Jenkins' colleague, Paul O'Connor, concurred. In an interview for the HSCA, O'Connor said that “it did not seem” to him “that the doctors ever considered the possibility that the bullet had exited through the front of the neck.” (MD64) He later told author William Law: “…another thing, we found out, while the autopsy was proceeding, that he was shot from a high building, which meant the bullet had to be traveling in a downward trajectory and we also realized that this bullet—that hit him in the back—is what we called in the military a ‘short shot,’ which means that the powder in the bullet was defective so it didn’t have the power to push the projectile—the bullet—clear through the body. If it had been a full shot at the angle he was shot, it would have come out through his heart and through his sternum.” (Law, In the Eye of History, p. 41)
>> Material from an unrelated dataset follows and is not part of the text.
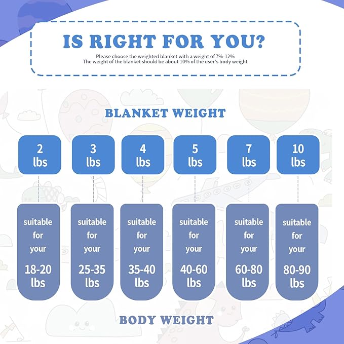 - 【Size Selection】In order to get your premium blanket, pls choose suitable blanket weight based on the body's weight, 8%-12% of body’s weight is the premium choice. Not only helps to avoid you kick off the blanket during sleeping, but can fall asleep quicker and deeper.

In 1973, pathology professor John Nichols, MD, Ph.D., suggested that a straight-line from the back wound to the throat wound would have had to have to passed directly through the hard bone of the spine. In 1998, radiologist Dr. David Mantik provided striking confirmation of Nichols' conclusion using a cross-sectional CAT scan of a patient with approximately the same upper body dimensions as President Kennedy. Mantik added the proposed entrance and exit points to the CAT scan and demonstrated that a straight-line from one to the other had to intercept the spine. Any bullet taking this path through Kennedy's torso would have been severely deformed and the spine would have been shattered. And yet there had been no major trauma to Kennedy's spine and CE399 is in the same near-pristine condition as test bullets fired into water.

To recap, the SBT assumes that the back wound was at T1 but there is evidence that it was considerably lower. It assumes that President Kennedy was leaning significantly forward when he was struck even though the Zapruder film shows no such thing. And it assumes that the throat wound was an exit for the bullet which entered the back when no such thing was established at autopsy, the only physical examination ever conducted contradicts the idea, and medical evidence strongly suggests that such a path through the body was not possible. The reader will notice that all of these assumptions have to do with the wounds to President Kennedy which is just one section of CE399's supposed journey. There are numerous other problems with the bullet's magical voyage but to highlight them all now would be simply flogging a dead horse. The point has been made: The SBT is not built upon proven facts but upon a series of unproven assumptions that are not borne out by closer examination of the evidence. The SBT, therefore, is not even remotely close to being considered a “proven fact” and no honest person would make or repeat such a claim.